Regulon — NY-S-06955 · NY S 6955 (AI Training Data Transparency Act)

2025-03-27 committee referral REFERRED TO INTERNET AND TECHNOLOGY

2026-01-07 committee referral REFERRED TO INTERNET AND TECHNOLOGY

2026-02-18 AMEND AND RECOMMIT TO INTERNET AND TECHNOLOGY AMEND AND RECOMMIT TO INTERNET AND TECHNOLOGY

2026-02-18 PRINT NUMBER 6955A PRINT NUMBER 6955A

2026-02-25 1ST REPORT CAL.433 1ST REPORT CAL.433

2026-02-26 2ND REPORT CAL. 2ND REPORT CAL.

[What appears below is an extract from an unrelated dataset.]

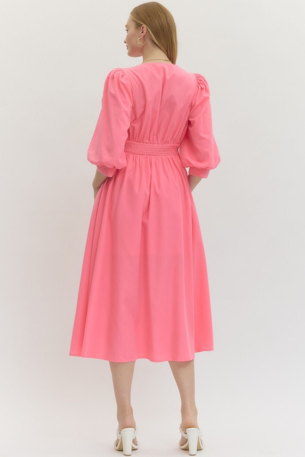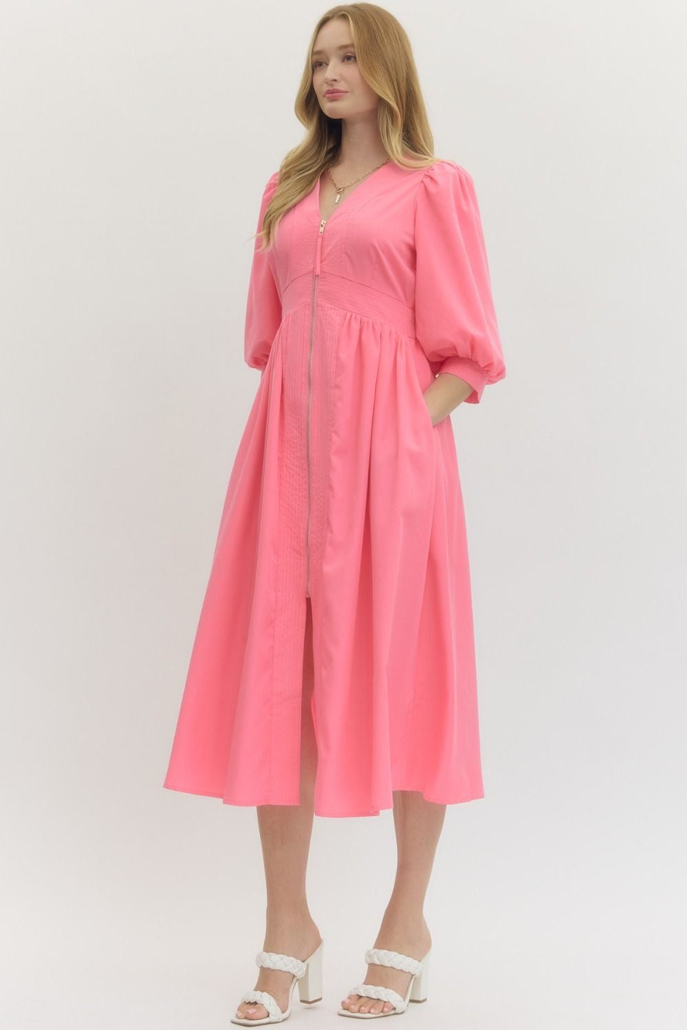 Solid ¾ sleeve midi dress featuring smocked waistband. Zipper closure at front. Side pockets. Lined. Woven. Non-sheer. Lightweight.

2026-03-04 chamber passage ADVANCED TO THIRD READING

Summary

Requires developers of generative AI models or services made publicly available to New Yorkers to post detailed training data documentation on the developer's website. The documentation must include a high-level summary of datasets used, covering sources, data types, volume, IP status, personal information presence, data processing methods, collection timeframes, and synthetic data use. The disclosure obligation applies to models released on or after January 1, 2022, and must be posted by January 1, 2027, and before each subsequent release or substantial modification. Exemptions exist for aviation-only AI and national security AI available only to federal entities. The bill contains no enforcement mechanism, penalties, or private right of action.

Enforcement & Penalties

Enforcement Authority

No enforcement mechanism is specified in the bill. No agency is designated to enforce the training data disclosure obligation, and no private right of action is created. The bill amends the General Business Law, which is generally subject to enforcement by the New York Attorney General under Executive Law § 63(12) for repeated or persistent fraud or illegality, but no specific enforcement authority or mechanism is established by this bill.

Penalties

The bill specifies no penalties, damages, or remedies of any kind. No civil penalties, statutory damages, injunctive relief, or attorney fees provisions are included.

Who Is Covered

"Developer" means a person, partnership, state or local government agency, or corporation that designs, codes, produces, or substantially modifies an artificial intelligence model or service for use by members of the public.

What Is Covered

"Generative artificial intelligence" means a class of AI models that emulate the structure and characteristics of input data to generate derived synthetic content, including, but not limited to, images, videos, audio, text, and other digital content.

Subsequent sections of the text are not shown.